Figure A3b shows an error of less than 2% when ${\kappa }_2{w}_{\mathrm{island}}\le 0.8$ between the energy solution from Equation (3) and that from numerical integration of strain in Equation (1), which is acceptable for engineering application. The first item in Equation (3) is the energy contribution from bending (indicated as $U_b$) and the second one is from stretching (indicated as $U_s$). The ratio of energy contribution of those two deformations produces a non-dimensional geometric parameter $\eta =w_{\mathrm{island}}\sqrt{{\kappa }_2/t_{\mathrm{island}}}$. When η and α is small, the surface is nearly developable, so the bending energy is primary. With the increase of η, stretching behavior will contribute more to conformal energy and become dominant eventually, as shown in Figure 2b.

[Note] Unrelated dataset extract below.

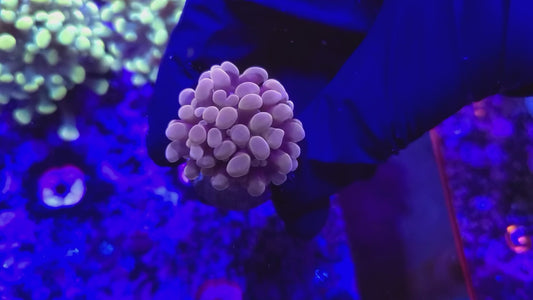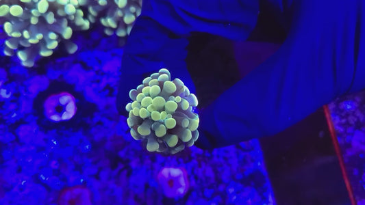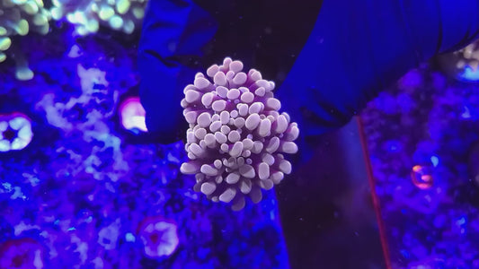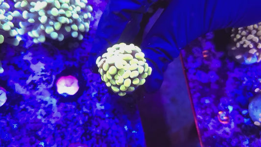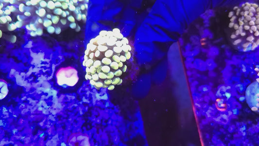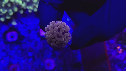 - Bubble Coral (Plerogyra sinuosa): Bubble coral is popular for its large exotic bulbous-shaped polyps that bunch together like a pile of bubbles, completely covering their corallites. These corals require gentle flow and moderate lighting, and their unique appearance makes them striking additions to reef displays.

According to the principle of energy minimization, conformal contact is stable when $d{U}_{strain}/d{w}_{\mathrm{island}}\le \gamma l_{\mathrm{island}}$, which implies

$$\left|{\kappa }_2\right|w_{\mathrm{critical}1}=\sqrt[4]{\frac{128\left(1-v_{\mathrm{island}}^2\right)}{{\alpha }^2}\frac{\gamma }{E_{\mathrm{island}}{t}_{\mathrm{island}}}-\frac{16{\left(\left|{\kappa }_2\right|t_{\mathrm{island}}\right)}^2\left(1+{\alpha }^2+2{\nu }_{\mathrm{island}}\alpha \right)}{3{\alpha }^2}}$$

(4)

where $\left|{\kappa }_2\right|w_{\mathrm{critical}1}$ is the non-dimensional maximum critical conformal width from energy minimization and $\gamma /E_{\mathrm{island}}{t}_{\mathrm{island}}$ is the non-dimensional interface adhesion energy per unit area.

Meanwhile, the maximum strain in the island should not exceed the failure strain of functional materials on it, so that the electronics can keep working after being transferred to non-developable surface, which implies

$${\epsilon }_{\max }=\left|\alpha \right|\left|{\kappa }_2\right|\frac{t_{\mathrm{island}}}{2}+\frac{1}{8}\left|\alpha \right|{\kappa }_2^2{w}_{\mathrm{island}}^2\le {\epsilon }_{\mathrm{critical}}$$

(5)

where ${\epsilon }_{\mathrm{critical}}$ is the critical failure strain of functional material on island.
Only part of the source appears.